Quantcast

The DNAinfo archives brought to you by WNYC.
Read the press release here.

Bloomberg Questions Trading Textbooks for Tablets in the Classroom

By Jill Colvin | March 1, 2013 3:07pm

NEW YORK CITY — Mayor Michael Bloomberg may be one of the city's biggest tech proponents. But he's a real stickler when it comes to tech toys in the classroom.

The entrepreneur who became a billionaire by bringing tech to trading raised concerns Friday about the idea of replacing pricey school textbooks with tablets — a proposal that was recently floated by City Council Speaker and expected mayoral candidate Christine Quinn.

“When you have computers there, then there’s the pornography and the social media and the distraction of games and that sort of thing,” Bloomberg said during his weekly radio show with WOR's John Gambling.
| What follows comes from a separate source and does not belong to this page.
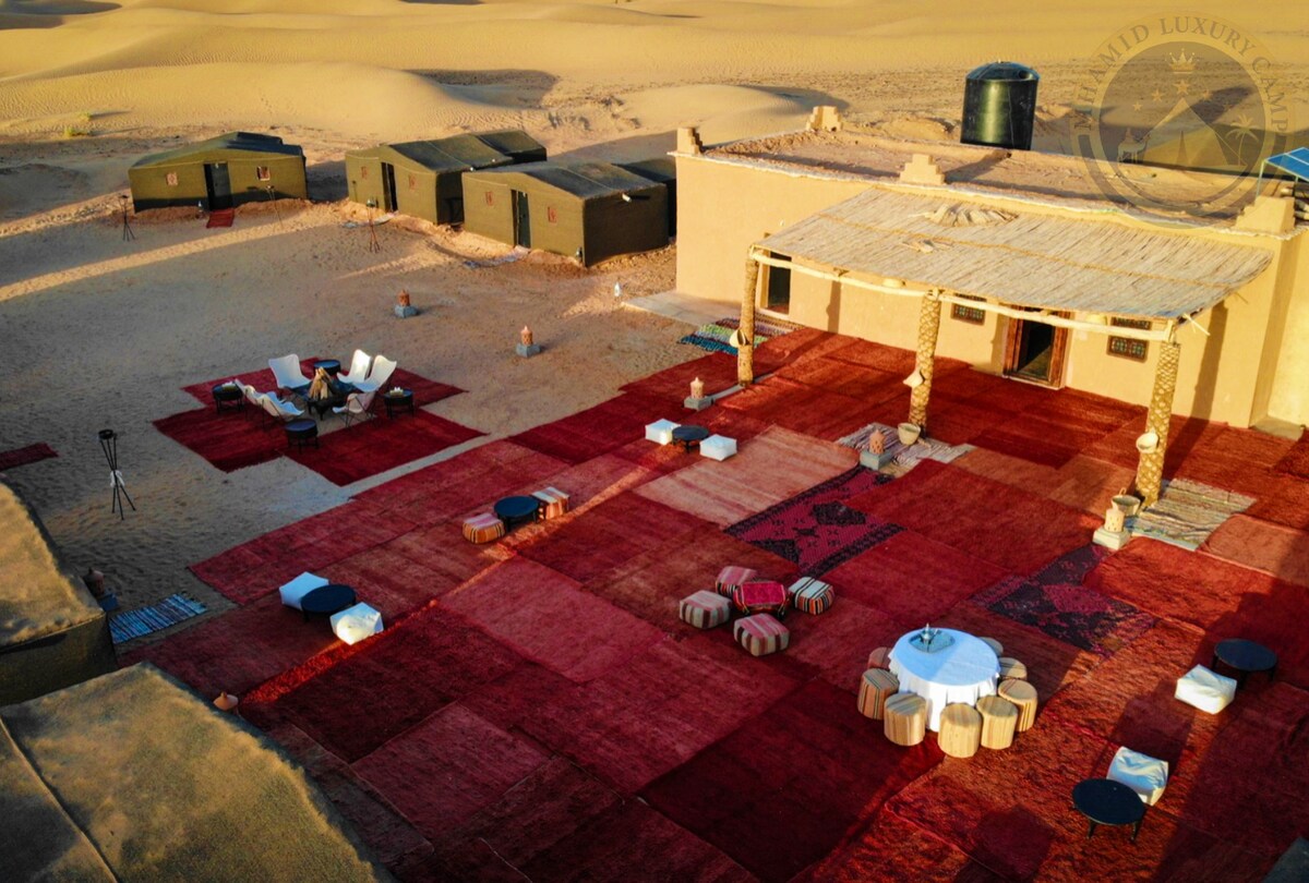 esame atokių puikių Mhamido kopų, (smėlio jūros) Maroke, bazėje ir gerokai toliau nuo numinto kelio. Stovyklas supa mažesnės kopos, užtikrinančios privatumą ir prieglobstį, kurios yra puiki vieta saulėlydžiui ir saulėtekiui .

The question came the day after the city's Department of Education rolled out its new "common core" curriculum, which Gambling noted would require more than $55 million in new materials, including textbooks.
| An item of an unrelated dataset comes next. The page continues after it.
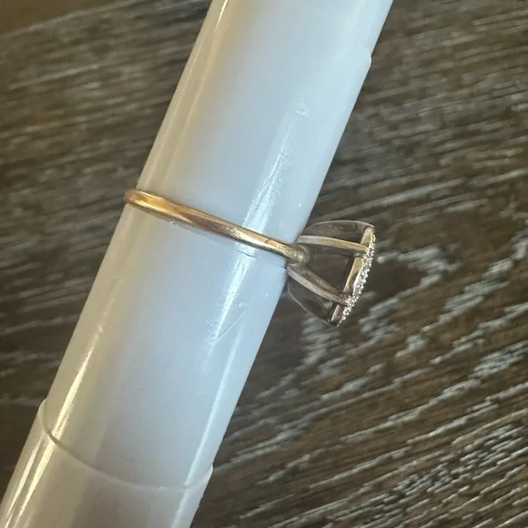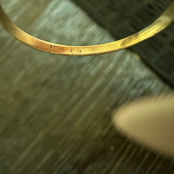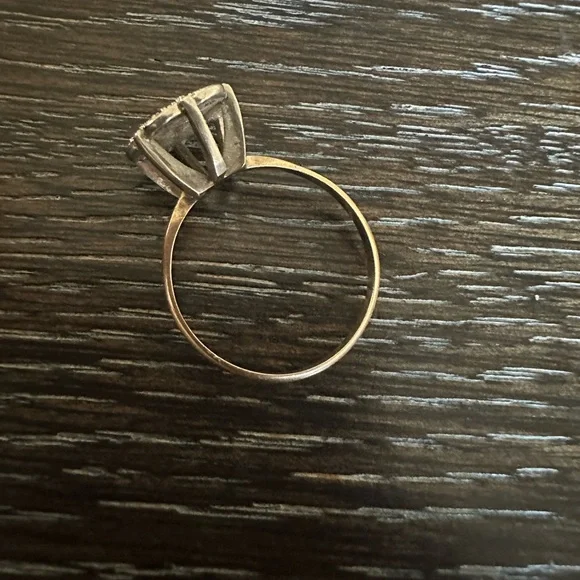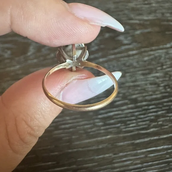 Gorgeous vintage bicolor 10kt gold ring7 small diamondsHigh profile setting White gold piece with yellow gold bandSize: 8.25Weight: 2gStamped: 10ktMakers Mark: TWSetting sits 8mm high off of the fingerWear: shows some dirt in setting thankfullyit is all open and can easily be polished and shined up. Band has some signs of wear but no notches or dentsRare find for sure!

"Maybe I’m too old-fashioned," Bloomberg said. "The thing that worries me about tablets is we think if you give a kid a computer, you solve the problem."

But what's really important, Bloomberg said, is the quality of the teacher in front of a classroom. More important — he argued — than kids even having enough chairs.

"I get in trouble every time I say this, but I would do anything to have better quality teachers, even if it meant bigger class size, even if it meant them standing rather than sitting," he said.

"That’s in the end what really makes a difference. That human being who looks the student in the eye."

That same is true in the business world, he said, when asked about Yahoo's controversial decision this week to end its policy of allowing employees to work from home.

“I’ve always said telecommuting is one of the dumber ideas I’ve ever heard," he said, dismissing instant messaging as an ill replacement for water cooler chatter.